Since the contrast detection thresholds of a single GP of 4 cpd were low, we decided to run an additional sub-experiment (Experiment 3B) with a GP frequency of 8 cpd to prevent any potential floor effect of the facilitation (see Fig. 1A). All other parameters were identical to those in experiment 3A. For details of the experimental protocol, see Table 2.
Estimation of the perceptive field size
Lev and Polat32,40 suggested that the distance at which the suppression turns to facilitation provides an estimate of the size of the PF. For each subject, we used the crossover point where collinear suppression was transformed to facilitation (y = 0) as the crossing border of the PF32,40,57. When the data could not be extracted from the results, we extrapolated the results assuming a suppression of 0.15 log units at 1 λ according to the findings in the literature30,40.
Data and statistical analysis
Repetitions for each condition were averaged for each subject.
A Welch two sample t-test with equal variance was performed to test the effect on one nominal variable (group) for a continuous outcome (the perceptive field size).

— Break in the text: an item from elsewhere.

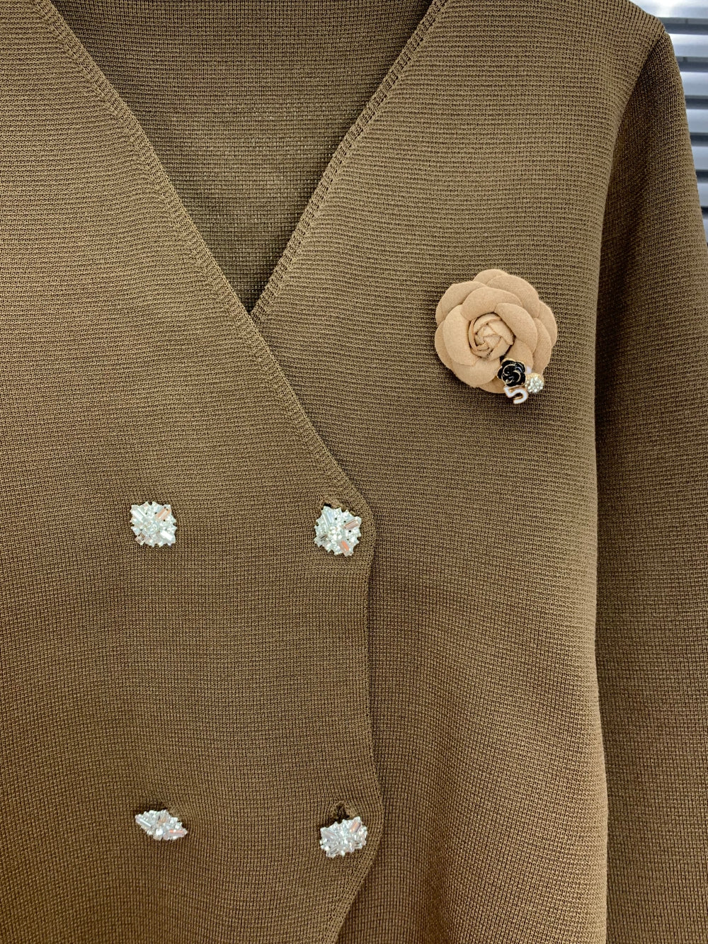 21268 Double-Breasted Knit Blazer with Crystal Buttons

Pearson’s and Spearman’s correlation tests were conducted between the perceptive field size and the angle of the phoria.
We used a two or a three-way mixed ANOVA to test the effect of 2 or 3 nominal variables (such as group, viewing distance, viewing mode, mask phase, and meridian) on continuous outcomes (the perceptive field size). Linear mixed effect models were performed, and the ANOVA was completed on the resulting models. We defined all nominal variables as fixed effects, and subject ID as a random effect. All interactions were included in the initial models however, if the interactions were non-significant, we refitted the models without these interactions. We performed a post-hoc analysis as pairwise comparisons defined by linear contrasts. FDR correction was applied to control for multiple testing. If the interactions were removed, we performed the post-hoc analysis by averaging the non-interacting factors. We checked graphically the normality of the residual homogeneity of variance assumptions.
All data points were confirmed for not being outliers.
Results
Experiment 1: Binocular perceptive field assessment for horizontal and vertical meridians at different sitting distances
Subjects
Sixteen subjects participated (8 in the heterophoric group and 8 in the control group) in the experiment. The average age in the control group was 27.6 ± 4.6 years old (mean ± STD), and in the heterophoric group it was 29.5 ± 5.5 years old (mean ± STD). All subjects had a stereoacuity of 40 arcsec. No subject reported a double vision or intermittent double vision during the experiment. Detailed results such as heterophoria measurements for the subjects can be found at https://doi.org/10.1038/s41598-022-16458-y.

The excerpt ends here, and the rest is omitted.